* **Problem requirements**:
Every line below must come back exactly as it stands, with the images omitted.

* **Exercise data**:
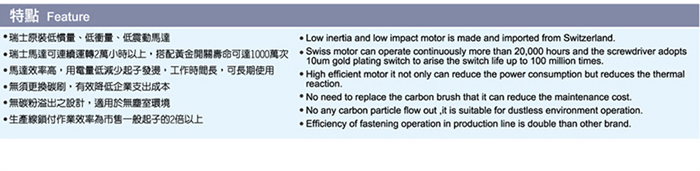 瑞士原裝低慣量、低沖量、低震動馬達(dá)。瑞士馬達(dá)可連續(xù)運(yùn)轉(zhuǎn)2萬小時以上,搭配白金開關(guān)壽命可達(dá)1000萬次。馬達(dá)效率高,用電量低減少起子發(fā)燙,工作時間長,可長期使用。無須更換碳刷,有效降低企業(yè)支出成本。無碳粉溢出之設(shè)計,適用於無塵室環(huán)境。生產(chǎn)線鎖付作業(yè)效率為市售一般起子的2倍以上。
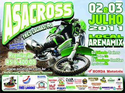 Três Lagoas de prepara para sediar o 1º motocross regional “Asacross”, nos dias 2 e 3 de junho, no espaço Arenamix. O evento é organizado pela Associação dos Amigos Três-lagoenses de Motocross (Asatrem) e serão distribuídos R$ 6,4 mil em prêmios, contemplando as 11 baterias programadas pelos organizadores.
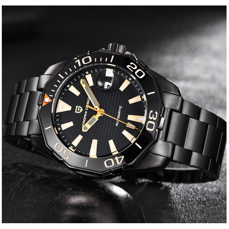 【PAGANI DESIGN】經典機械水鬼不鏽鋼自動機械錶 PD-1632-全黑
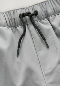 Schwarze Badeshorts aus glattem Stoff mit elastischem Bund und Kordelzug sowie seitlichen Taschen, mit einem leichten Seitenschlitz am Saum.

* **Solution below**:
 瑞士原裝低慣量、低沖量、低震動馬達(dá)。瑞士馬達(dá)可連續(xù)運(yùn)轉(zhuǎn)2萬小時以上,搭配白金開關(guān)壽命可達(dá)1000萬次。馬達(dá)效率高,用電量低減少起子發(fā)燙,工作時間長,可長期使用。無須更換碳刷,有效降低企業(yè)支出成本。無碳粉溢出之設(shè)計,適用於無塵室環(huán)境。生產(chǎn)線鎖付作業(yè)效率為市售一般起子的2倍以上。
 Três Lagoas de prepara para sediar o 1º motocross regional “Asacross”, nos dias 2 e 3 de junho, no espaço Arenamix. O evento é organizado pela Associação dos Amigos Três-lagoenses de Motocross (Asatrem) e serão distribuídos R$ 6,4 mil em prêmios, contemplando as 11 baterias programadas pelos organizadores.
 【PAGANI DESIGN】經典機械水鬼不鏽鋼自動機械錶 PD-1632-全黑
 Schwarze Badeshorts aus glattem Stoff mit elastischem Bund und Kordelzug sowie seitlichen Taschen, mit einem leichten Seitenschlitz am Saum.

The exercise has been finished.